Table of Contents

Managing parameter groups for RAD

From DataMiner 10.5.4/10.6.0 onwards, it is possible to manage relational anomaly detection (RAD) parameter groups using the SLNetClientTest tool. With these messages you can for example configure a low-code app to visualize and manage the parameter groups.

All configuration settings are stored in the ai_rad_models_v2 database table.

In Feature Release versions up to DataMiner 10.5.8, it is also possible to configure and view the same settings directly in RelationalAnomalyDetection.xml.

  1. Connect to the DMA hosting the grouped parameters using the SLNetClientTest tool.

  2. Go to the Build Message tab of the main window of the SLNetCLientTest tool.

  3. In the Message Type dropdown list, choose one of the following messages. All message names start with the Skyline.DataMiner.Analytics.Rad. prefix:

    Message Function
    AddRADParameterGroupMessage Creates a new RAD parameter group. If a group with the same name already exists, the group will be updated instead.
    GetRADDataMessage Retrieves anomaly scores over a specified time range. Note that anomaly scores can only be retrieved for past time periods where 5-minute averaged trend data is available.
    GetRADParameterGroupInfoMessage Retrieves the configuration information for a specific RAD parameter group. From DataMiner 10.5.9/10.6.0 onwards, the response to this message also includes an IsMonitored flag, which indicates whether the group is correctly being monitored ("true"), or whether an error has occurred that prevents the group from being monitored ("false"). In the latter case, more information can be found in the SLAnalytics logging.
    GetRADParameterGroupsMessage Retrieves a list of all configured RAD parameter groups.
    RemoveRADParameterGroupMessage Deletes a RAD parameter group.
    Note

    In DataMiner 10.5.4, some of these messages may include "MAD" instead of "RAD", e.g. Skyline.DataMiner.Analytics.MAD.AddMADParameterGroupMessage. In this message, "MAD" stands for "multivariate anomaly detection", which is another name for RAD.

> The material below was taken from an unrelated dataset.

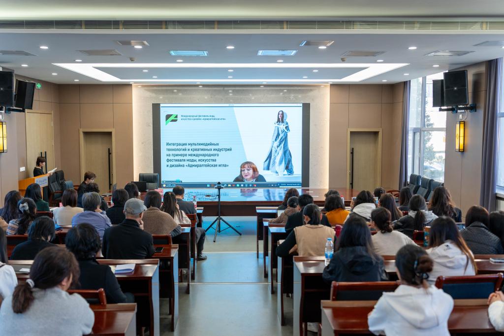 俄方专家伊琳娜·索什尼科娃与阿莲娜·霍赫洛娃以《多媒体技术和创意产业的整合》为题,结合国际时尚艺术节“海军针”的成功实践,系统展现了数字技术在服装创意设计、品牌传播等领域的前沿应用成果;中方专家王珺英教授通过《传统服饰艺术及创新设计》主题分享,深入剖析了中国传统文化元素与现代服装设计的融合逻辑与实践路径;北京金玉茉莉服饰技术总监赵莉则聚焦非遗技艺的当代传承,以《旗袍的传统制版和工艺》为题,详细解读了传统服饰工艺在现代时尚产业中的创新应用与价值转化。

  4. Configure the necessary fields:

    • AddRADParameterGroupMessage:

      • GroupInfo > AnomalyThreshold: Optional. Defines the threshold for suggestion event generation. A higher value results in fewer suggestion events, a lower value results in more. If not specified, the default value 6 is used (3 in versions prior to DataMiner 10.5.9/10.6.0).

      • GroupInfo > MinimumAnomalyDuration: Optional. The minimum duration (in minutes) that deviating behavior must persist to be considered a significant anomaly. If not specified, the default value 15 is used (5 in versions prior to DataMiner 10.5.9/10.6.0).

      • GroupInfo > Name: The name of the parameter group.

      • GroupInfo > Parameters: A list of parameter instances (DataMiner ID, Element ID, Parameter ID, Primary Key) that will be monitored together by a RAD model.

      • GroupInfo > UpdateModel: Indicates whether the model should be updated continuously as new data becomes available (true), or only be trained initially based on available data at startup (false).

    • GetRADDataMessage:

      • EndTime: The end time of the period for which you want to retrieve anomaly scores.

      • GroupName: The name of the parameter group.

      • StartTime: The start time of the period for which you want to retrieve anomaly scores.

      Note

      Anomaly scores can only be retrieved for past time periods where 5-minute averaged trend data is available.

    • GetRADParameterGroupInfoMessage and RemoveRADParameterGroupMessage:

      • GroupName: The name of the parameter group.
    • GetRADParameterGroupsMessage: No additional fields need to be configured.

  5. Click Send Message.

Note
  • Keep in mind that the group names need to be unique and will be processed in a case-insensitive manner.
  • From DataMiner 10.5.4/10.6.0 onwards, you can also retrain the internal model used by RAD.
Warning

Always be extremely careful when using the SLNetClientTest tool, as it can have far-reaching consequences on the functionality of your DataMiner System.